What causes failure to unwind in a DWARF perf call stack?
Asked Answered
D

1

9

In backtraces produced by perf record --call-graph dwarf and printed by perf script, I am consistently getting wrong addresses for maybe 5% of call stacks, i.e. unwinding fails. One example is

my_bin 770395 705462.825887:    3560360 cycles: 
        7f0398b9b7e2 __vsnprintf_internal+0x12 (/usr/lib/x86_64-linux-gnu/libc-2.32.so)
        7ffcdb6fbfdf [unknown] ([stack])

my_bin 770395 705462.827040:    3447195 cycles: 
        7f0398ba1624 __GI__IO_default_xsputn+0x104 (inlined)
        7ffcdb6fb7af [unknown] ([stack])

and it was produced from this code (compiled with g++ -O3 -g -fno-omit-frame-pointer my_bin.cpp -o my_bin):

#include <cstdio>
#include <iostream>

int __attribute__ ((noinline)) libc_string(int x) {
    char buf[64] = {0};
    // Some nonsense workload using libc
    int res = 0;
    for (int i = 0; i < x; ++i) {
        res += snprintf(buf, 64, "%d %d %d Can I bring my friends to tea?", (i%10), (i%3)*10, i+2);
        res = res % 128;
    }
    return res;
}

int main() {
    int result = libc_string(20000000);
    std::cout << result << "\n";
}

I'm pretty sure that my program should not have executable code in the stack, so these addresses seem wrong. It's not only one program, but most programs that I've profiled which have about 5% wrong call stacks. These call stacks mostly just have two stack frames, with the innermost one sometimes in libraries like Eigen (even though they generally have correct calls stacks) and sometimes in the C++ STL or libc. I've seen the unwinding end up in unknown, [stack], [heap], anon, //anon, libstdc++.so.6.0.28, or <my_bin>.

I've seen this on Ubuntu 18.04, 20.04 and 20.10.

This happens only with DWARF unwinding. How can this be fixed?

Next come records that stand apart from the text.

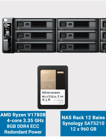 - 12 disques SSD Synology SAT5210 960Go (Garantie constructeur 5 ans)
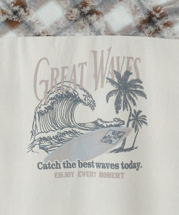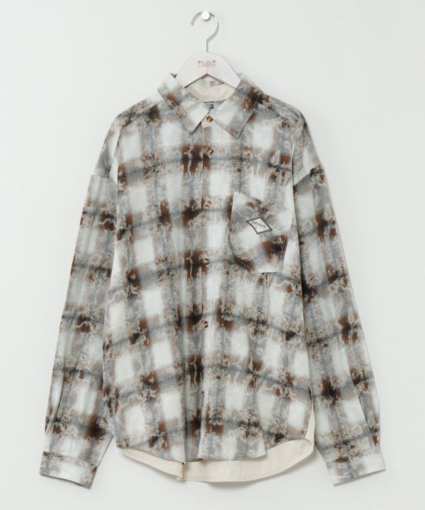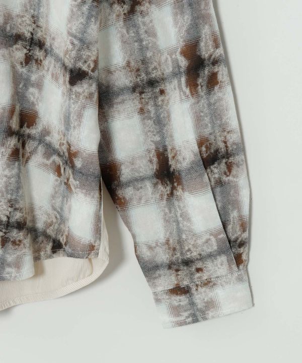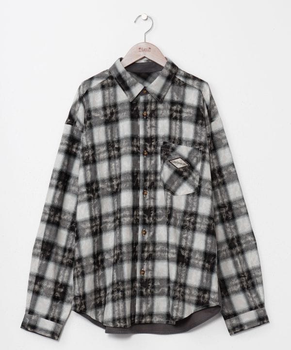 加工感のある薄手のチェック生地と細畝のコーデュロイを切り替えたメンズシャツ。背中のプリントが印象的で、一枚でも羽織りとしても活躍します。軽やかな素材感で、初春から春にかけて長く着られるデザイン。Tシャツやタンクトップとの重ね着スタイルにもおすすめです。
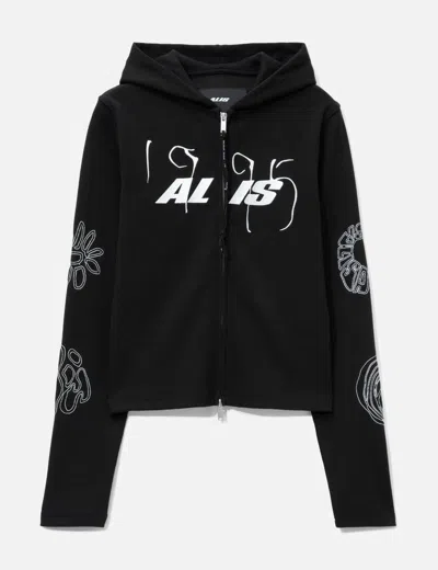 Nortey Rib Jersey Hoodie With Zipper And Embroidery In Black
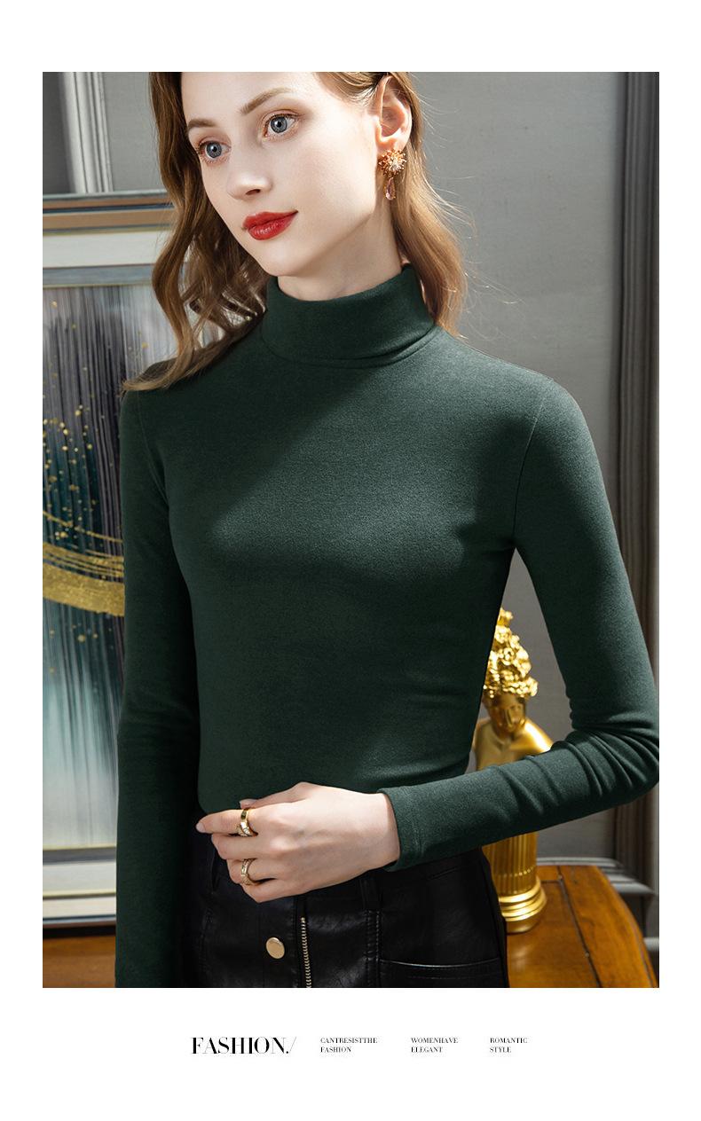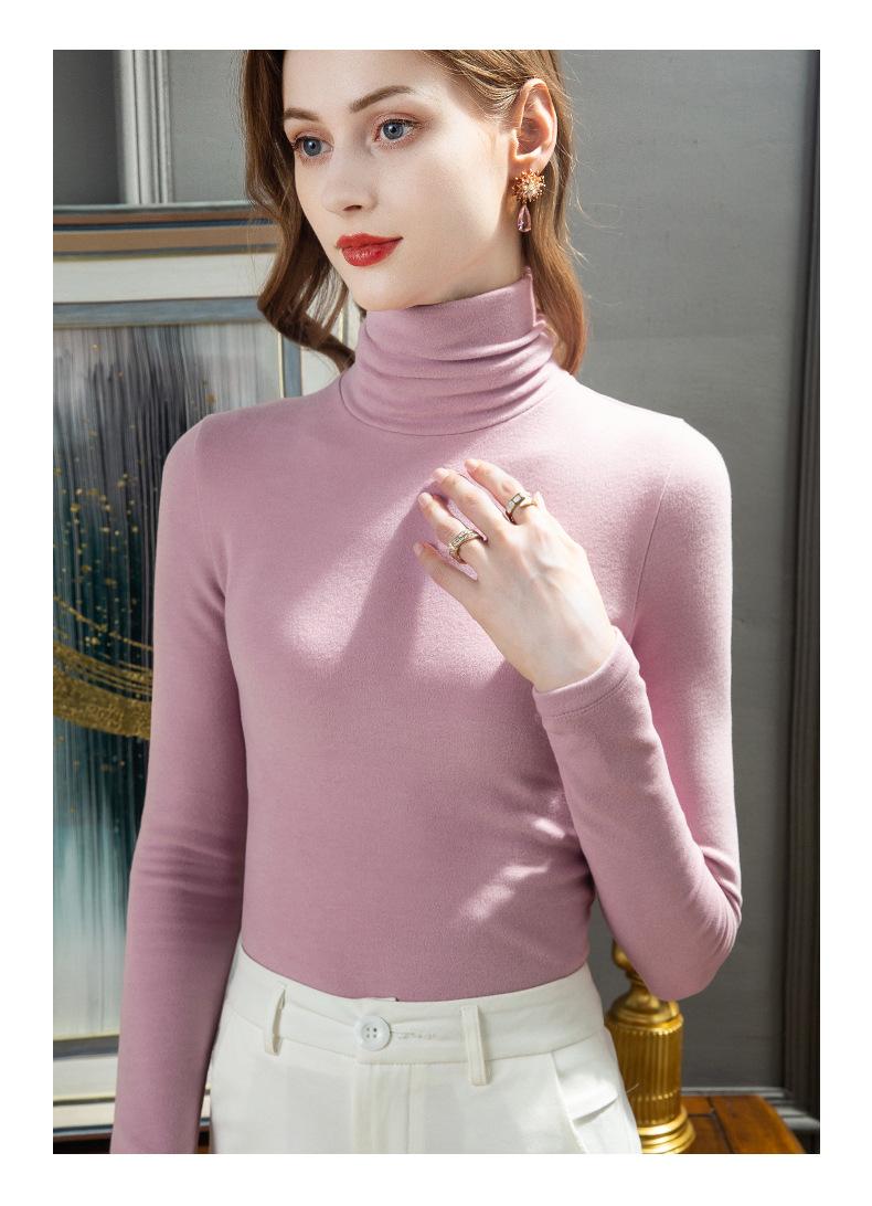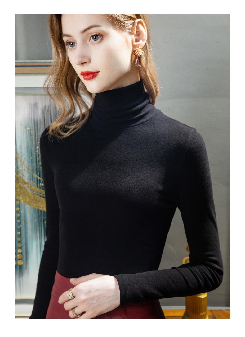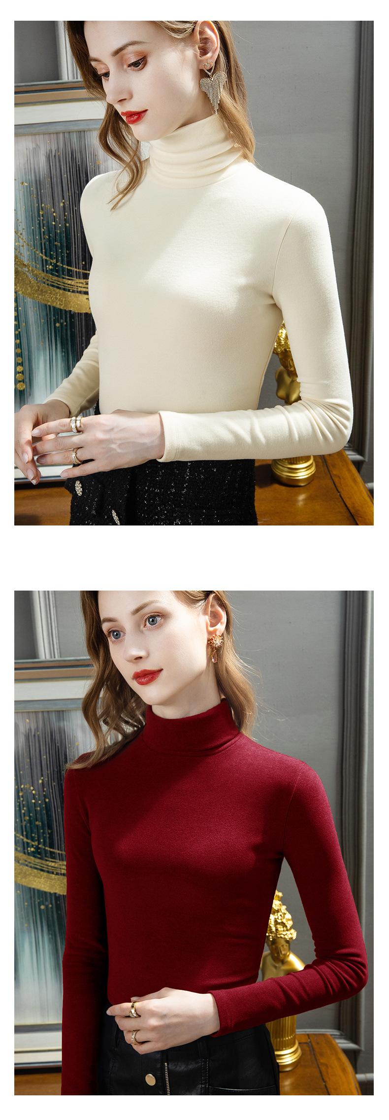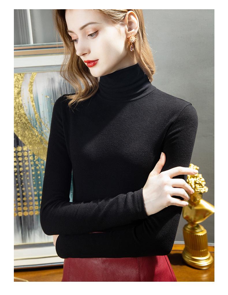 Camisa de seda de cachemira para mujer 2024 otoño e invierno nueva ropa interior de mujer top de cuello alto cálido de terciopelo alemán más terciopelo engrosado |

Donofrio answered 18/6, 2021 at 14:15 Comment(2)
Have you tried to break with gdb at one of those functions and see how the backtrace looks like?Escarpment
@JorgeBellon Yes, it always looks correct.Donofrio
M
4

Which other types of unwinding did you test?

In examples I disabled kernel ASLR feature with setarch x86_64 -R for more stable addresses and smaller perf.data files.

Usage of perf record option -e cycles:u command may help, as it will not include kernel samples.

I have reproduction of similar dwarf unwind issue for files generated with default perf record event ('-e cycles:u'; libc-2.31 from libc6-prof package was used) for __GI__IO_default_xsputn (inlined) function:

env LD_LIBRARY_PATH=/lib/libc6-prof/x86_64-linux-gnu setarch `uname -m` -R perf record --call-graph dwarf -o perf.data.dwarf.u -e cycles:u ./my_bin
perf script -i perf.data.dwarf.u |less

Incorrect sample:

my_bin 28100 760107.271010:     461418 cycles:u: 
            7ffff7c74f06 __GI__IO_default_xsputn+0x106 (inlined)
            7ffff7c59c6c __vfprintf_internal+0xf4c (/usr/lib/libc6-prof/x86_64-linux-gnu/libc-2.31.so)

Correct sample:

my_bin 28100 760107.257283:     267268 cycles:u: 
            7ffff7c74eff __GI__IO_default_xsputn+0xff (inlined)
            7ffff7c59c6c __vfprintf_internal+0xf4c (/usr/lib/libc6-prof/x86_64-linux-gnu/libc-2.31.so)
            7ffff7c6e9f6 __vsnprintf_internal+0xb6 (/usr/lib/libc6-prof/x86_64-linux-gnu/libc-2.31.so)
            7ffff7d14a2c ___snprintf_chk+0x9c (inlined)
            555555555314 libc_string+0xb4 (/home/user/so/my_bin)
            555555555314 libc_string+0xb4 (/home/user/so/my_bin)
            555555555111 main+0x11 (/home/user/so/my_bin)
            7ffff7c040fa __libc_start_main+0x10a (/usr/lib/libc6-prof/x86_64-linux-gnu/libc-2.31.so)
            55555555519d _start+0x2d (/home/user/so/my_bin)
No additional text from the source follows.